Portfolio Assignment 6

Movie Clustering

For this assignment, I've decided to try to cluster movies based on IMDB's user-submitted plot summaries. In theory, an accurate plot summary should contain enough relevant information about a movie to be suitable for clustering. However, since we are interested in the movies described by the summaries rather than the summaries themselves, we want to make sure that we group similar movies together even if the summaries we have for those movies are stylistically different, and that we do not group very different movies together because their summaries were submitted by the same author. Therefore, in designing an algorithm to rate the difference between two movies, we must make sure that we are scoring the summaries based on content and not style.

To begin, I downloaded the plot summaries and user-submitted ratings from IMDB. I will only be clustering the most-rated (not highest-rated -- I want well-known movies, not necessarily well-liked movies) 1000 movies. (Actually, IMDB lists both movies and TV series, and the data doesn't distinguish between the two.) In order to select the plot summaries of the 1000 most-rated movies, I wrote Python scripts to parse both files and input the results into a MySQL database. Then we can get the most-rated 1000 movies for which there is at least one plot summary. This will be our dataset. The summaries for those movies can be considered a collection of documents.

Next, I built an inverted index, storing the location of each token in each summary, using the method descriped in the PCI book (including the simplistic tokenizer that splits on alphanumeric characters).

Now, in order to use heirarchical clustering, we need to define a distance function for two movies. One approach would be to build a dictionary of terms, then construct a vector for each movie that relates each term to a frequency, then take the Euclidean distance between those vectors. This is the approach used in PCI (and assignment 4) for clustering blogs. However, it has a number of problems. First, that approach considers all words equally relevant. In this case, we want less common words to be more relevant. The more common a word is, the less likely it is to distinguish between two movies and the more likely it is to be biased by the author's writing style. Also, our summaries differ significantly in length, and this approach would tend to rate the distance between a short summary and a large summary too high, because there must be a large gap in the frequencies of terms, even if the terms are all the same.

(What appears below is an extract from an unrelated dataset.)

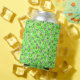 This football design shows the colours of the team you follow. Shirts are in green. image is an illustration of football shirts in green, happy football fan faces, and bouncing balls. Overall pattern in a cartoon style.

The technique I will be using is cosine similarity, as described by the IR book. For each document, the algorithm builds a vector of tf-idf scores for each term, where tf-idf is the normalized term frequency (the number of times the term appears in the document divided by the length of the document) multiplied by the inverted document frequency, which is the log of (N / the number of documents that contain the term), where N is the total number of documents. Thus a term that is more frequent within the document is weighted higher (it adds more information about that document), and a term that appears in more documents overall is weighted lower (it does little to distinguish that document from the rest).

Since this technique of calculating similarities uses only word frequency, not word order, we can add together frequency counts for multiple summaries and treat a movie as a single document, regardless of how many summaries it has.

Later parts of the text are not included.